# CSM+B missing some important Traces



## happi (Dec 18, 2009)

*CSM+B is missing these Traces:*

*Chlorine 
Cobalt 
Sodium (we can add this through Baking soda)
Rubidium
Nickel
Vanadium*
*Sulphur (we can add this through sulphates)*



Potassium - Protein synthesis, water and charge balance, enzyme activation.
Boron - Chlorophyll production, flowering, root growth, cell function.
Carbon - Required for all organic compounds.
Calcium - Cell wall stability and permeability, enzyme activation, cell response to stimuli.
Chlorine - Water and charge balance, photosynthesis.
Copper - Component of enzymes utilized in redox reactions that take place during photosynthesis.
Iron - Required for photosynthesis, component of enzymes utilized in redox reactions.
Magnesium - Component of chlorophyll, enzyme activation.
Manganese - Formation of amino acids, enzyme activation.
Molybdenum and Cobalt - Required for nitrate reduction.
Nickel - Enzyme activation, processing of nitrogenous material.
Sulfur - Component of proteins and the coenzymes that are involved with nutrient utilization and growth.
Zinc - Chlorophyll production, enzyme activation.
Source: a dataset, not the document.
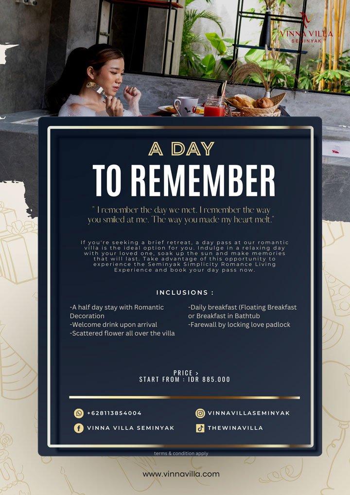 If you’re seeking a brief retreat, a day pass at our romantic villa is the ideal option for you. Sample the simplicity and romantic atmosphere of Seminyak living with our luxurious amenities, with a private pool, private cabana and full set kitchenette, without needing to spend a night. Indulge in a relaxing day with your loved one, soak up the sun and make memories that will last. Take advantage of this opportunity to experience the Seminyak Simplicity Romance Living Experience and book your day pass now.

*Why does it matter? Nickel help absorb Urea, if you are dosing seachem Nitrogen and using CSM+b you wont see the best results. i think csm+b can be improved simily by ading adding some NiCl2. Cobalt, i dont think we have to worry much about this one.*



the reason i ask because am looking for a better Trace than the CSM+B, i was looking at Azomite trace element, i think it got tons of trace elements. but i never used it before, has anyone ever used it?


----------



## ua hua (Oct 30, 2009)

I'm very curious about this stuff myself. I have been thinking about ordering some from Amazon but haven't heard much about anyone using this. I think I remember seeing someone used it in clay root tabs they made but don't remember where I saw that. I know they use it in aquaculture and as a feed additive so it will be safe for our livestock.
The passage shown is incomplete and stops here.